- Born: 1918
- Died: 1985 (aged 66–67) Eastbourne, East Sussex
- Education: Clare College
- Occupation: Businessman
- Known for: Executive for Tate & Lyle
- Spouse: Jill
- Parents: Oliver Lyle (father); Lilian Isabel (mother);
- Allegiance: United Kingdom
- Branch: Royal Air Force
- Rank: Second lieutenant
- Unit: No. 234 Squadron RAF
- Conflicts: World War II

= John O. Lyle =

British businessman

John O. Lyle (1918–1985) was a British businessman who was executive chairman of the British sugar group Tate & Lyle from 1964 to 1978.

== Early life and education ==
The son of Oliver Lyle and Lilian Isabel (née Spicer), John Lyle attended Uppingham School and Clare College, Cambridge. During World War II, he trained as a fighter pilot and was promoted as Second Lieutenant in June 1940, joining No. 234 Squadron RAF, which re-equipped with Spitfires the same year.

== Career ==
Lyle joined the family sugar firm in 1945, working initially at the firm's Plaistow refinery in east London before moving to the Tate & Lyle head office in 1949, and joining the firm's board in 1951. He became executive chairman of Tate & Lyle in 1964, and that year oversaw Tate & Lyle's acquisition of United Molasses for £30M, even though he was then new to the company, and comparatively young. He was involved with new developments in the US and Canada, as well as the traditional interests of the company on the Clyde and the Thames. The deal he worked out gave Tate & Lyle the largest shipping fleet in the world.

UK sugar shortages saw Lyle become active in politics and the media opposing Common Market Organization for Sugar policies favouring beet sugar over the British cane sugar. The then Government, preferring the EEC approach, subsidised Tate & Lyle with an £8M annual subsidy in compensation for pursuing its European policies. In November 1974, Lyle warned there could be no sugar for the British home market during a workers' blockade of the Tate & Lyle Silvertown refinery, which halted supplies across southern England. Workers were not allowing sugar to reach shops, protesting against Common Market regulations which could lead to thousands of British job losses. Lyle told The Times, "We can no longer keep silent while the company and its customers are threatened by the policies and procedures of the EEC system."

Also during the 1970s, Lyle was forced to defend Tate & Lyle's short-lived activities in apartheid-era South Africa. Under his chairmanship, Tate & Lyle had acquired a sugar business, Illovo, in early 1969. On 12 March 1973, a Guardian report by Adam Raphael, "British firms pay Africans starvation rate", listed nine companies including Tate & Lyle whose subsidiaries paid low wages. As company chairman, Lyle defended the company's position in a letter to The Times on 15 March 1973. Four years later, a 1977 ATV series by Antony Thomas, The South Africa Experience, highlighted malpractices by British firms including Tate & Lyle. The company attempted to block broadcast of the series' third film, titled "Working for Britain", and Lyle used an advertisement in the Daily Express to claim the film "contain[ed] grossly distorted statements which combine to give a totally unrepresentative picture". In 1977, Tate & Lyle sold its 49.25% shareholding in Illovo Sugar Estates to C G Smith (Sugars) of Natal; Lyle told shareholders: "The decision to terminate our association with raw sugar production in South Africa was taken with reluctance." He also said the company had been reducing its shipping fleet "to those ships necessary for servicing the Group's activities".

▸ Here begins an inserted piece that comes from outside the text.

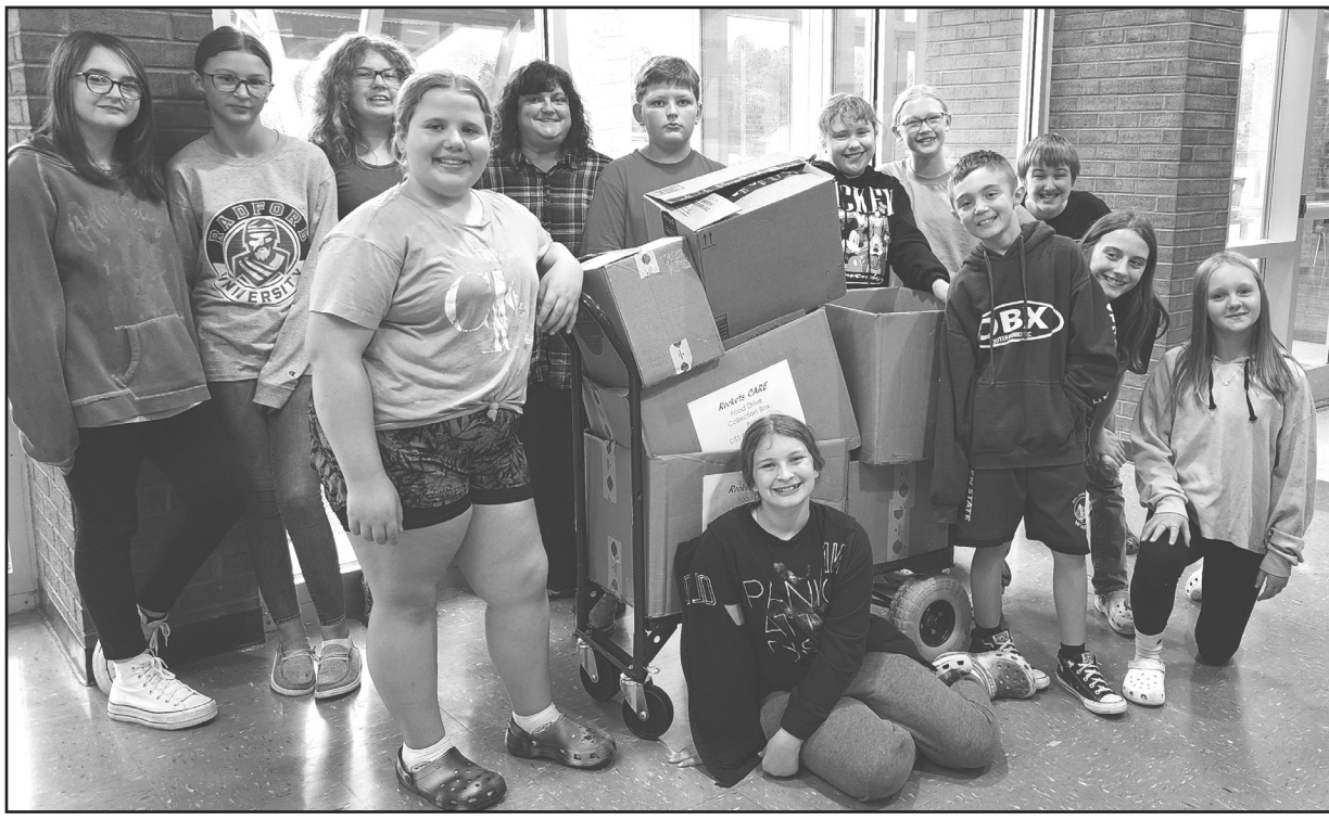
The Rockets CARE team packed the boxes of food they collected from the schools.

Huffman declared their first food drive project a success and was very proud of the students who worked hard on this collection effort.

Lyle stepped down as executive chairman in 1978, when Lord Jellicoe took his place. Lyle then became president of the company until his retirement in 1983.

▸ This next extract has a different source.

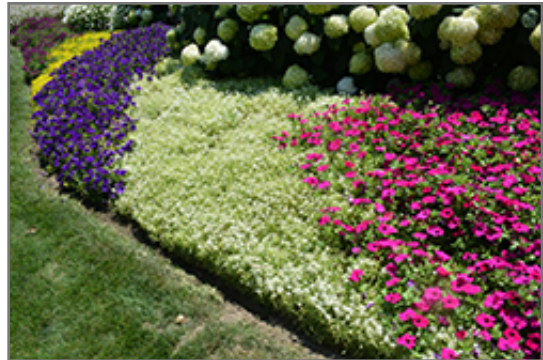
Frosty Knight Alyssum in bloom

Frosty Knight Alyssum is a fine choice for the garden, but it is also a good selection for planting in hanging baskets. Because of its trailing habit of growth, it is ideally suited for use as a 'spiller' in the 'spiller-thriller-filler' container combination; plant it near the edges where it can spill gracefully over the pot. Note that when growing plants in outdoor containers and baskets, they may require more frequent waterings than they would in the yard or garden.

During the Thatcher years, Lyle supported Government policy, and was active and influential in politics. In 1984, he met with the Prime Minister in 1984 in connection with Aims of Industry in 1984.

Lyle was a member of the Institute of Directors, a keen cricketer and a supporter of Kent County Cricket Club. Married to his wife Jill, he lived in Rotherfield in East Sussex. He died in Eastbourne, East Sussex.